Synthesizer takes the research notes and writes the actual report. It reads the Nighthawk-ReportTemplates skill before writing, which defines three report formats (architecture, bug, guidance) with specific sections: TL;DR, Technical Deep Dive, Key Findings, and References. Where a concept benefits from a visual — a flow, a component relationship, a decision tree — the Synthesizer generates a Mermaid diagram inline. The structure is consistent because the template is encoded, not left to model discretion.

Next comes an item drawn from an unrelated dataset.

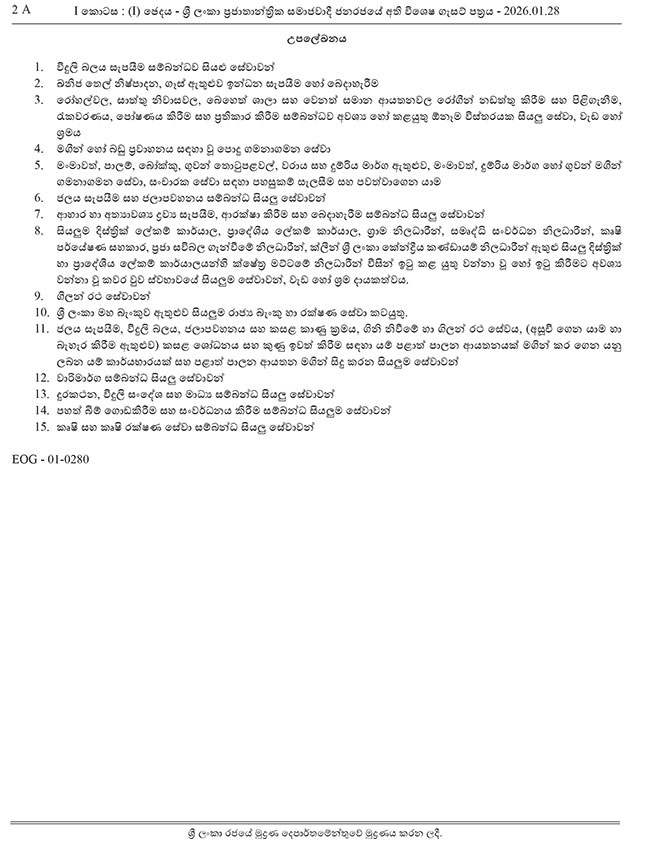 දිට්වා සුළිකුණාටුව හේතුවෙන් ඇතිවූ පසු ආපදා තත්ත්වය සලකා සාමාන්ය ජනජිවිතය පවත්වා ගෙන යාම සඳහා අත්යාවශ්ය වන බව සහ එකී සේවාවන්ට අවහිරයක් හෝ බාධාවක් විය හැකි බව සැලකිල්ලට ගනිමින් පහත උපලේඛනයේ සඳහන් සේවාවන් අත්යාවශ්ය සේවාවන් බවට මෙම නියමයෙන් ප්රකාශයට පත්කර ඇත.

FactChecker is the quality gate. It reads the finished report and validates each factual claim against the cited sources. Claims that can be verified get a checkmark. Claims that can’t get flagged. The summary includes a count of verified and unverified claims so the person sharing the report with a customer knows exactly where to look before they do.

What a Report Looks Like

The output for a question like “What are the required permissions for Terraform-based AKS deployment?” looks like this:

TL;DR: One or two sentences with the direct answer, no hedging
Recommendations table: Specific roles mapped to scope and reason
Terraform examples: Real HCL with working configuration patterns
Feature-specific guidance: What changes when you add BYO VNet, private DNS, ACR, or workload identity
Mermaid diagrams: Architecture flows, component relationships, and decision trees rendered inline where they add clarity
Reference table: Complete list of Microsoft Learn links and GitHub file paths used
Fact-check summary: Claim counts and any flagged items for review

You can see a full example in the notes/ directory. That report was generated by Nighthawk in a single run from the /Nighthawk command.

Skills: Encoding Expertise as Reusable Instructions

One of the more interesting design choices in Nighthawk is the use of VS Code agent skills to codify workflow knowledge. Skills are markdown files that agents read at the start of a run to understand their operating context.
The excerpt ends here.